##### RECORDS SUPPLIED

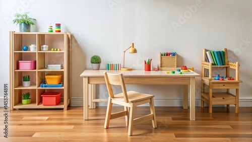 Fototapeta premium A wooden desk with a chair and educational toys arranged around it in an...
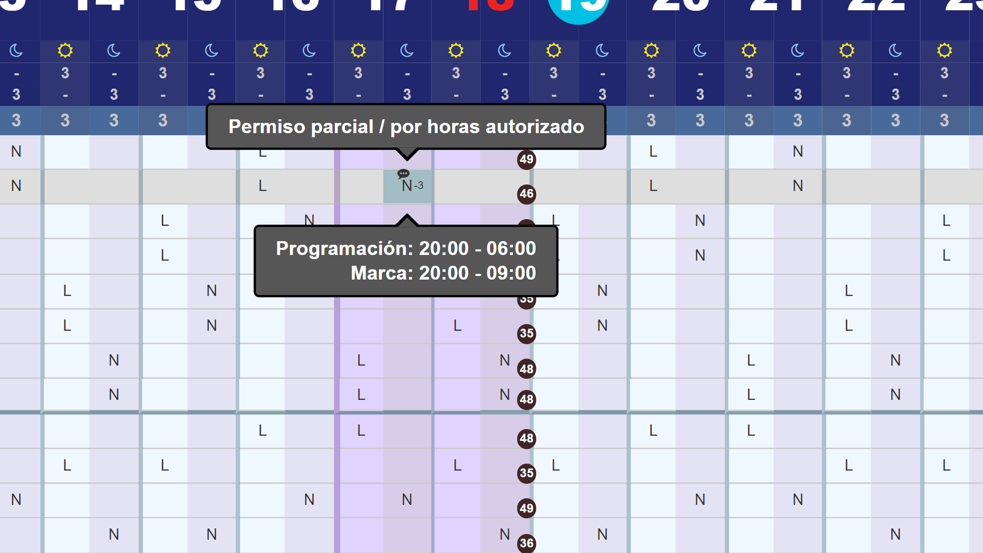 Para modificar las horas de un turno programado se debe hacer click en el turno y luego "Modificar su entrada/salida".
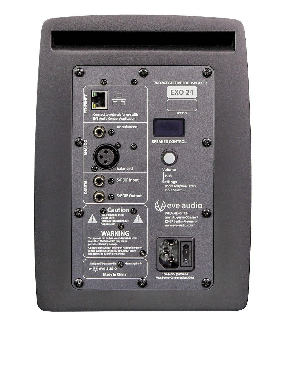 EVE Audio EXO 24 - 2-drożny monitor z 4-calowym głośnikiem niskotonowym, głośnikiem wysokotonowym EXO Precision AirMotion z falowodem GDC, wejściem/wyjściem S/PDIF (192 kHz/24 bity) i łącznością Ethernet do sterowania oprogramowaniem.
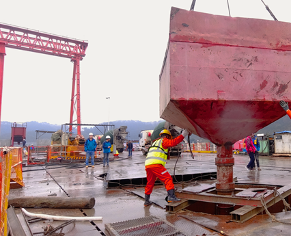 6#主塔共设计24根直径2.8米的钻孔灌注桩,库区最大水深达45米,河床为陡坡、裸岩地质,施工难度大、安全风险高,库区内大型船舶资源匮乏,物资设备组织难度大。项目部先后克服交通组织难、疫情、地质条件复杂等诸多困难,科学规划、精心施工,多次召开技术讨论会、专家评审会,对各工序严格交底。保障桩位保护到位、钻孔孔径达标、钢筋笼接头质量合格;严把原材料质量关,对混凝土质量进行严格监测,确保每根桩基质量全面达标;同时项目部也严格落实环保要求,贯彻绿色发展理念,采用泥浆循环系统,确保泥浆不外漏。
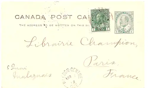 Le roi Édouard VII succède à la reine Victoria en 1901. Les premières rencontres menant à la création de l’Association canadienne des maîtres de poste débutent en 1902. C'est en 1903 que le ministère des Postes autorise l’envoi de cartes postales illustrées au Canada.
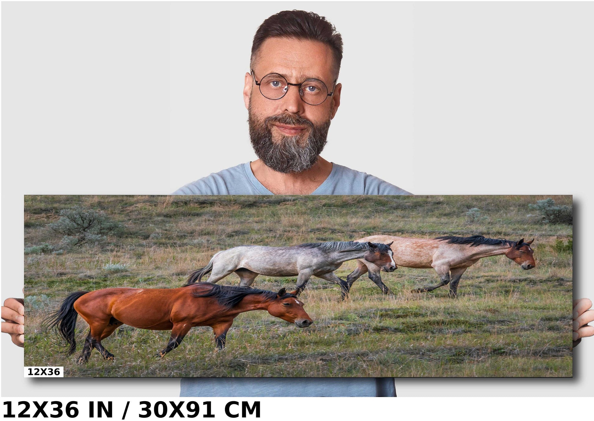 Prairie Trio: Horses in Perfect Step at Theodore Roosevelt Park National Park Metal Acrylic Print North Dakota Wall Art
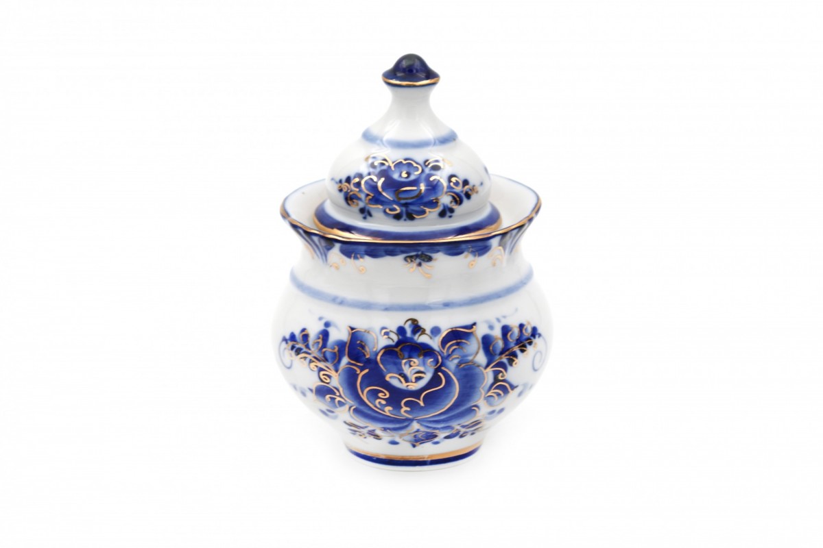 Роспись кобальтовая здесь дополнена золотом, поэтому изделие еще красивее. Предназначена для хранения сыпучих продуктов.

##########
##### RECORDS SUPPLIED

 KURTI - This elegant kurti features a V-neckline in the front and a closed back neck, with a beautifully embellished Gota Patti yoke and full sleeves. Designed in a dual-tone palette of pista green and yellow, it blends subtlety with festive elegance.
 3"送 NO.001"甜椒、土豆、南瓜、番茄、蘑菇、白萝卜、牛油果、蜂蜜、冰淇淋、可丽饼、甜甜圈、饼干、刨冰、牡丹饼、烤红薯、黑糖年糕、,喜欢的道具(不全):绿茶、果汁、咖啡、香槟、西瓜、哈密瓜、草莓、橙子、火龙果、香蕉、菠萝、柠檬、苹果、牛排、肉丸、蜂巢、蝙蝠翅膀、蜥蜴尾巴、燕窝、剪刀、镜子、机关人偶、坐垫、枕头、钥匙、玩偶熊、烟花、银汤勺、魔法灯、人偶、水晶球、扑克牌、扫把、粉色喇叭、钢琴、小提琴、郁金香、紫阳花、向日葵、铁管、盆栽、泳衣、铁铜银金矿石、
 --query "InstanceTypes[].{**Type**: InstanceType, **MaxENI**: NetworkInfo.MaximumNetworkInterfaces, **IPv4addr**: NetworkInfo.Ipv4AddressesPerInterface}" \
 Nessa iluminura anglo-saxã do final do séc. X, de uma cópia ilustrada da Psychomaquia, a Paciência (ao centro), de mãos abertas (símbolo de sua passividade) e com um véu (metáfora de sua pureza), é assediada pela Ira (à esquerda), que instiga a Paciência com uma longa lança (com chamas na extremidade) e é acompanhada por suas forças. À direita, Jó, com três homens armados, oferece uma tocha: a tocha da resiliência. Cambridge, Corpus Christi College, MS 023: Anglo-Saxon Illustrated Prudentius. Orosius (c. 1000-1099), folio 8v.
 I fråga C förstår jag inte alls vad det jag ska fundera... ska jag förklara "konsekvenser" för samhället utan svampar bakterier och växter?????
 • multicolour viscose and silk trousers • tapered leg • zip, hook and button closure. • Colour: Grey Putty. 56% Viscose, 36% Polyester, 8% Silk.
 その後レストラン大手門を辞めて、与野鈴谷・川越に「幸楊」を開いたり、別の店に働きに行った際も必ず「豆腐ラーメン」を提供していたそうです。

##########

WORK INSTRUCTIONS:
Now transcribe the lines above exactly, starting at the line containing "Fototapeta premium A" and ending at the line containing "Prairie Trio: Horses", both lines included, pictures excluded.

ANSWER:
 Fototapeta premium A wooden desk with a chair and educational toys arranged around it in an...
 Para modificar las horas de un turno programado se debe hacer click en el turno y luego "Modificar su entrada/salida".
 EVE Audio EXO 24 - 2-drożny monitor z 4-calowym głośnikiem niskotonowym, głośnikiem wysokotonowym EXO Precision AirMotion z falowodem GDC, wejściem/wyjściem S/PDIF (192 kHz/24 bity) i łącznością Ethernet do sterowania oprogramowaniem.
 6#主塔共设计24根直径2.8米的钻孔灌注桩,库区最大水深达45米,河床为陡坡、裸岩地质,施工难度大、安全风险高,库区内大型船舶资源匮乏,物资设备组织难度大。项目部先后克服交通组织难、疫情、地质条件复杂等诸多困难,科学规划、精心施工,多次召开技术讨论会、专家评审会,对各工序严格交底。保障桩位保护到位、钻孔孔径达标、钢筋笼接头质量合格;严把原材料质量关,对混凝土质量进行严格监测,确保每根桩基质量全面达标;同时项目部也严格落实环保要求,贯彻绿色发展理念,采用泥浆循环系统,确保泥浆不外漏。
 Le roi Édouard VII succède à la reine Victoria en 1901. Les premières rencontres menant à la création de l’Association canadienne des maîtres de poste débutent en 1902. C'est en 1903 que le ministère des Postes autorise l’envoi de cartes postales illustrées au Canada.
 Prairie Trio: Horses in Perfect Step at Theodore Roosevelt Park National Park Metal Acrylic Print North Dakota Wall Art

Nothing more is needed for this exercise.